Percentage agreement of the citizen scientists data [(a) colorimetric data (green) and (b) spectrophotometric data (blue)] with the reference data (flame AAS data of the external laboratory) for different categorized copper concentrations (according to the reference data). Overall percentage agreement is shown with dotted lines.
Two bubble charts compare categorized copper concentrations from citizen science versus laboratory methods. Panel a uses light green bubbles for colorimetric data, while panel b uses blue bubbles for spectrophotometric data. Bubble size represents frequency of data points, with larger bubbles near lower concentration values on both axes in each chart.

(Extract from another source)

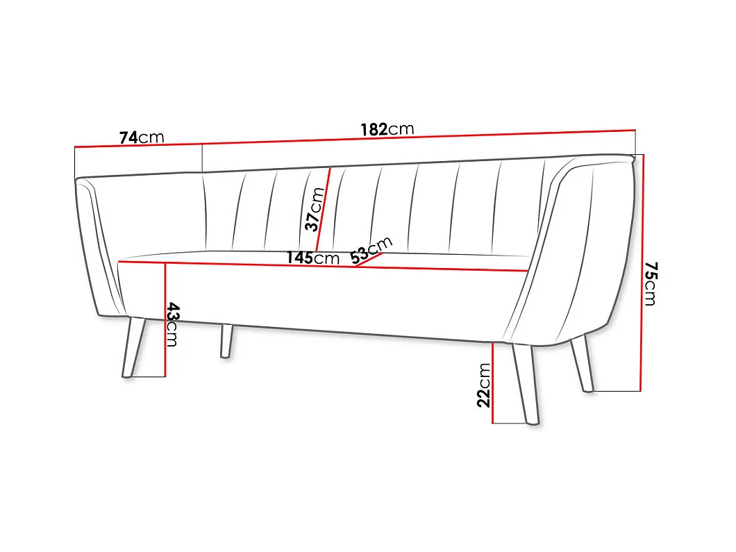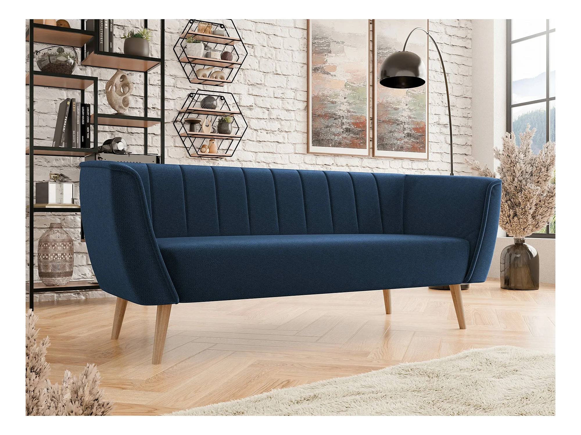 Canapé Glenview 103, Bleu, 182x74x75cm, Tapisserie, Pieds: Bois

Comparison of the citizens’ colorimetric data and the citizens’ spectrophotometric data with the reference data (flame AAS). The size of the bubbles illustrates the absolute count of data points for a certain categorized concentration. Perfectly agreeing results are shown in a more saturated color.
Scatterplot compares percentage agreement against copper concentration with two data series (green and blue points). Green points illustrate the citizen scientists’ colorimetric data. Blue points illustrate the citizen scientists’ spectrophotometric data. Horizontal dotted lines mark average agreements: 68.86% (blue), 60.09% (green). Values of percentage agreement for citizen scientists’ spectrophotometric data decrease from 72.00% to 50.00% as concentration decreases, and values of percentage agreement for citizen scientists’ colorimetric data decrease from from 95.56% to 12.50% as concentration decreases.

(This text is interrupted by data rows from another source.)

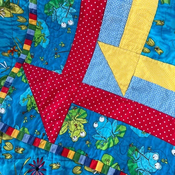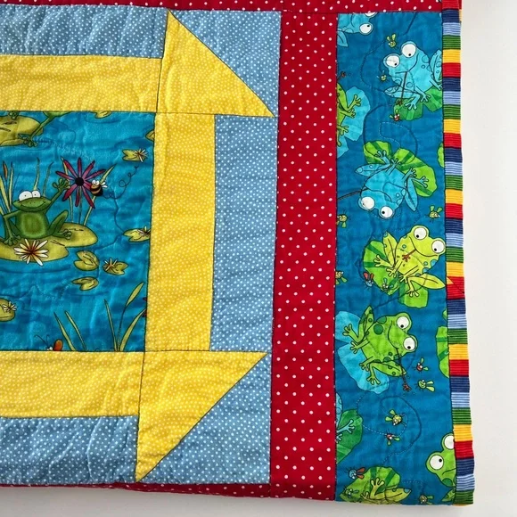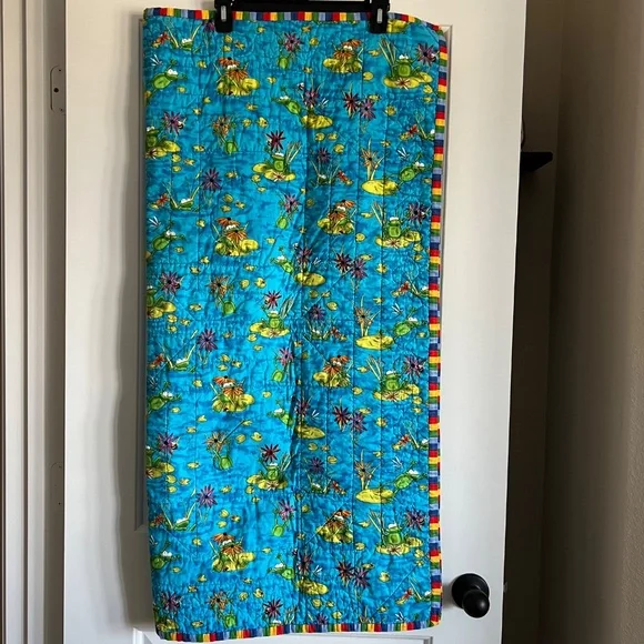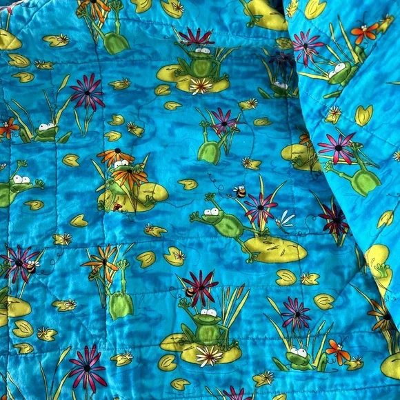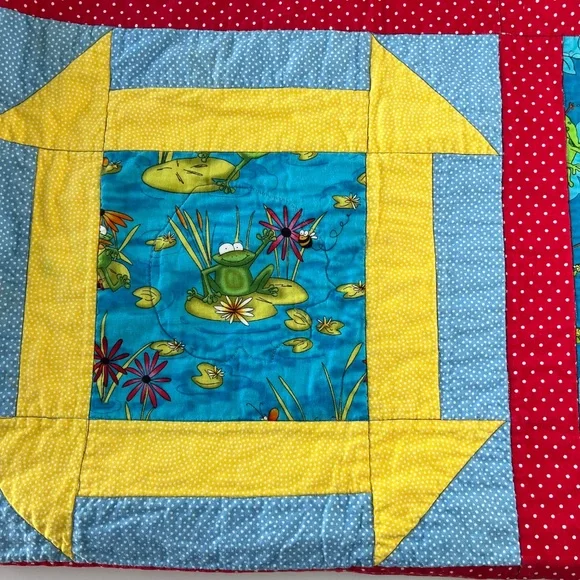 Handmade colorful reversible quilt with Frogs Great quilt for a toddler bed, picnic at the park, play mat, travel blanketMeasures approximately 42.5" x 42.5"Preowned in great condition See pics for details **As a maker/crafter myself, I love rescuing handmade items from antique shops and thrift stores. I hope they find a loving home!Pre-loved items are pre-washed in gentle/clean detergent Ships from a smoke free pet friendly home **Colors may appear slightly different due to monitor screens/lighting
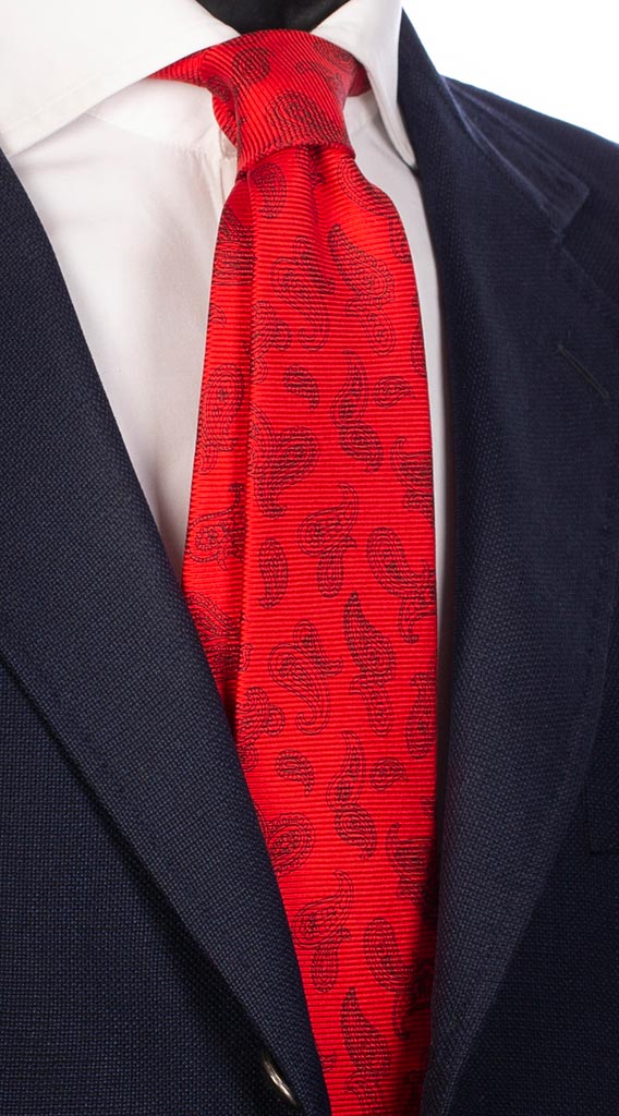Cravatta Uomo Stampa di Seta Rossa Paisley Nero 3944
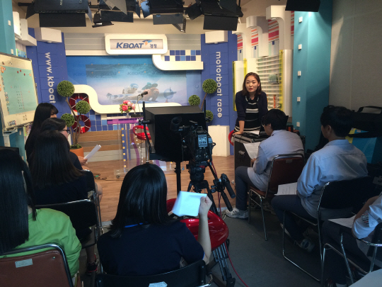 서울 천호중 방송부 학생 등 37명이 초청된 이날 행사에서 경정 방송팀은 방송실 및 스튜디오 견학, PD, 아나운서, 카메라맨, 엔지니어 등 관련 업무 교육을 실시했다. 또 실제 뉴스진행, 리포터 및 방송기술 체험, 카메라 촬영, 방송편집 등 방송전반에 관한 실습도 펼쳤다.
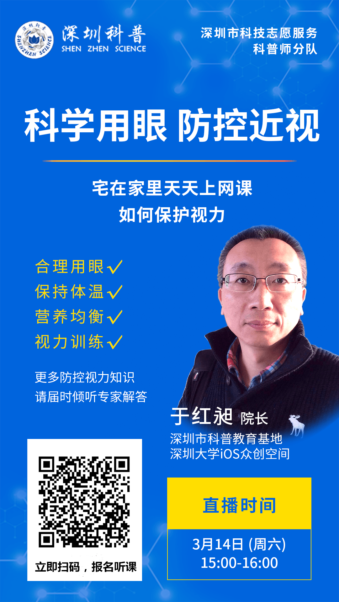 這個(gè)周末,深圳市科普教育基地聯(lián)合會(huì)的會(huì)員單位——深圳大學(xué)IOS眾創(chuàng)空間于紅昶院長(zhǎng),來(lái)給大家在線(xiàn)講解如何“科學(xué)用眼,防控近視”。從2月中旬開(kāi)始,于紅昶院長(zhǎng)已經(jīng)受邀為幾十所中小學(xué)的網(wǎng)課,做了講座哦~
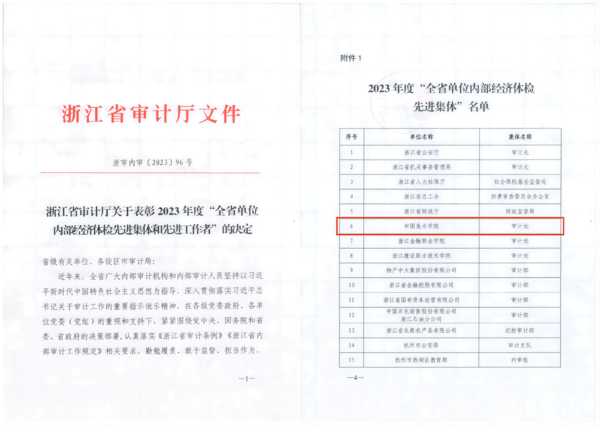 近日,浙江省审计厅发布了《浙江省审计厅关于表彰2023年度“全省单位内部经济体检先进集体和先进工作者”的决定》(浙审内审[2023]96号),我校审计处荣获2023年度“全省内部经济体检先进集体”称号。

The citizen scientists’ spectrophotometric citizen lab data showed an overall percentage agreement of 69% with the reference data (Figures 2, 3). The agreement was highest for samples with a copper concentration of 0.25–0.39 mg/l according to the reference data. Here, the percentage agreement was 79%. The percentage agreement was 72% for samples with a copper concentration of <0.15 mg/l. The percentage agreement was as low as 50% for samples containing between 0.60 and 0.84 mg/l copper. The categorized copper concentrations determined by the citizen scientists in the citizen lab using the spectrophotometric method were strongly correlated with the reference data. With an r-value of 0.727, the correlation between the citizen scientists’ spectrophotometric data and the reference data was even higher than that for their colorimetric data.
Discussion
One major aim of this study was to investigate the potential benefits of working in a laboratory using an instrumental laboratory method in a citizen science project with regard to the quality of the obtained scientific data. As described above, the data generated by the citizen scientists was characterized by being highly correlated to the reference data with both methods that were used. However, the spectrophotometric laboratory data of the citizen scientists were even more comparable to the reference data than their colorimetric data. This can be explained by three key observations: (1) the percentage agreement of the citizen scientists’ spectrophotometric laboratory data with the reference data was higher than the percentage agreement of their colorimetric data with the reference data; (2) the percentage agreement of the citizen scientists’ spectrophotometric laboratory data with the reference data was more consistent for different copper concentrations compared to the citizen scientists’ colorimetric data; and (3) the correlation coefficient between the citizen scientists’ spectrophotometric laboratory data and the reference data was higher than that of the citizen scientists’ colorimetric data (Figures 2, 3).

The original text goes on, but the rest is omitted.